Resource Utilization of Adults Admitted to a Large Urban Hospital With Community-Acquired Pneumonia Caused by Streptococcus pneumoniae: Summary
Excluding those patients who died, median length of stay was 2 days longer in patients who met our definition of delayed discharge. If patients were discharged within 1 day of meeting our clinical definition and receiving oral antibiotic therapy, the median length of stay for these 88 patients would have been 3 days (range, 2 to 6.75 days), with an estimated savings of approximately $507,000. These potential savings are likely underestimated given there was often a delay between IV-to-oral transition and the first day of stable clinical criteria; furthermore, we conservatively used the later day to define discharge eligibility. Our study was conducted at a single hospital, and while our patient population is likely similar to other large urban hospitals in the United States, one study has documented the distinct differences in clinical criteria used by physicians from institution to institution to determine when patients are stable for discharge, which may have influenced the impact of this variable. Additionally, clinical outcomes have not been adversely affected by decreases in length of stay (ie, discharge once patients are clinically stable without observation), suggesting that patients with CAP admitted to hospitals with historically long lengths of stay might be treated just as effectively with shorter hospital stays. It is important to note the limitations in attempting to define this variable retrospectively.
Although there was no affect of age, comorbid illness, or PSI score, prolonged lengths of stay in these patients may be a reflection of numerous other factors in addition to defervescence, WBC normalization, and time to oral transition. Specifically, social issues and physician preferences, which cannot be accounted for in any severity of illness score, are important factors and difficult to account for given this study design. Nevertheless, given the significant impact that this defined variable had on our model, it will be sensible for us to further evaluate criteria for discharge within our institution and determine if changes in practice or discharge management can be addressed to reduce length of stay for CAP.
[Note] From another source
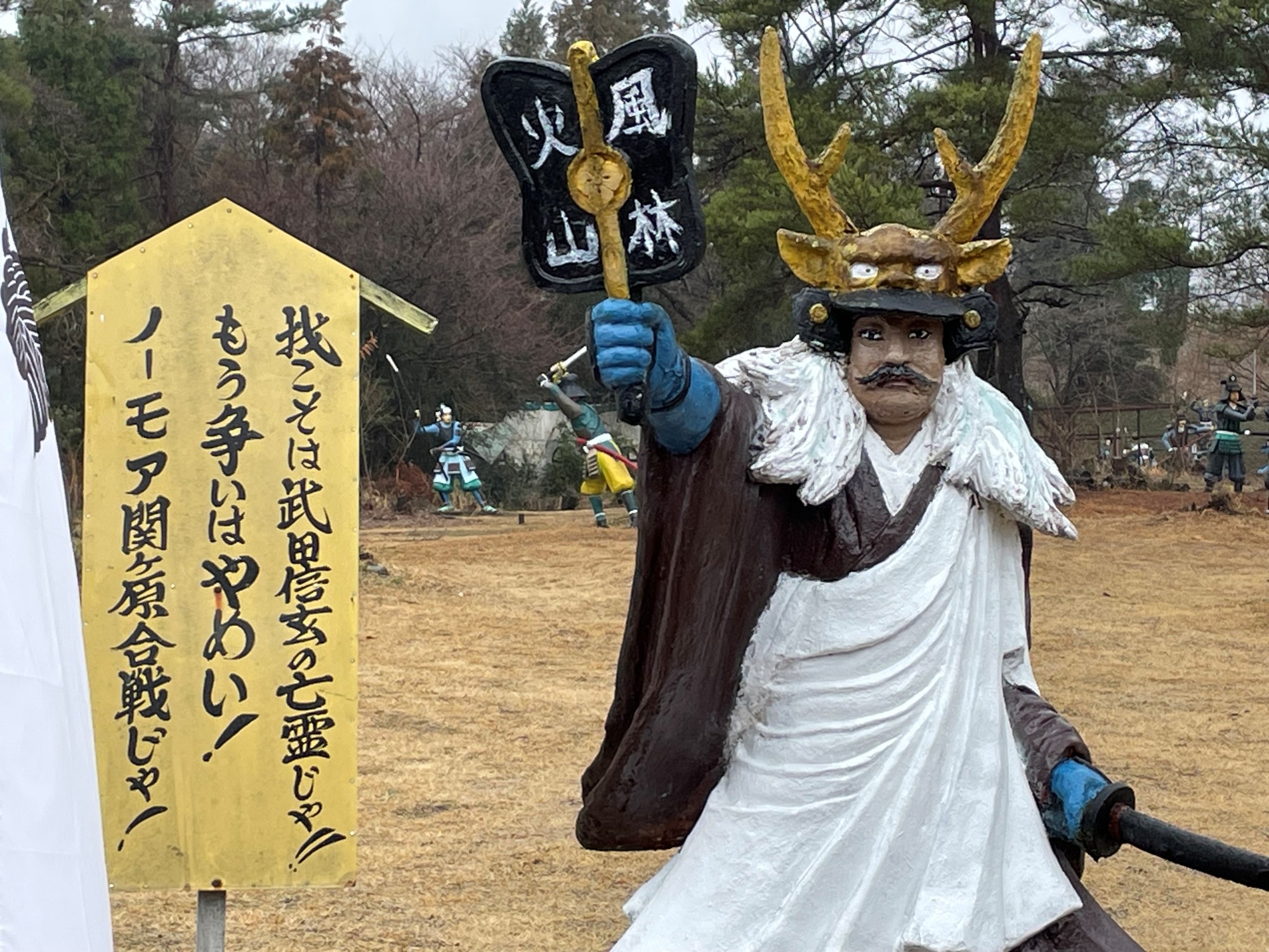 関ヶ原ウォーランドファンの間で有名なのは、入場するとすぐ出迎えてくれる武田信玄だ。「信玄は、関ヶ原の戦いには参戦してないぞ」とツッコミを入れたい読者もいるかもしれないが、このキャプションを見てほしい。

In conclusion, at our large, urban hospital, we observed that hospital bed costs accounted for > 50% of the total cost of care for patients admitted with CAP due to S pneumoniae. Admission to an ICU, neoplasm, and an unexplained delay in discharge were independently associated with both total hospital costs and increased length of stay; therefore, focused efforts to reduce total and ICU length of stay, including minimizing prolonged and unnecessary observation of patients, should have the most profound effect on reducing total costs. Finally, in the current era in which more potent antibiotics are empirically utilized to treat CAP, it does not appear that a simple classification of penicillin nonsusceptibility complicates the clinical or economic impact of S pneumoniae infection.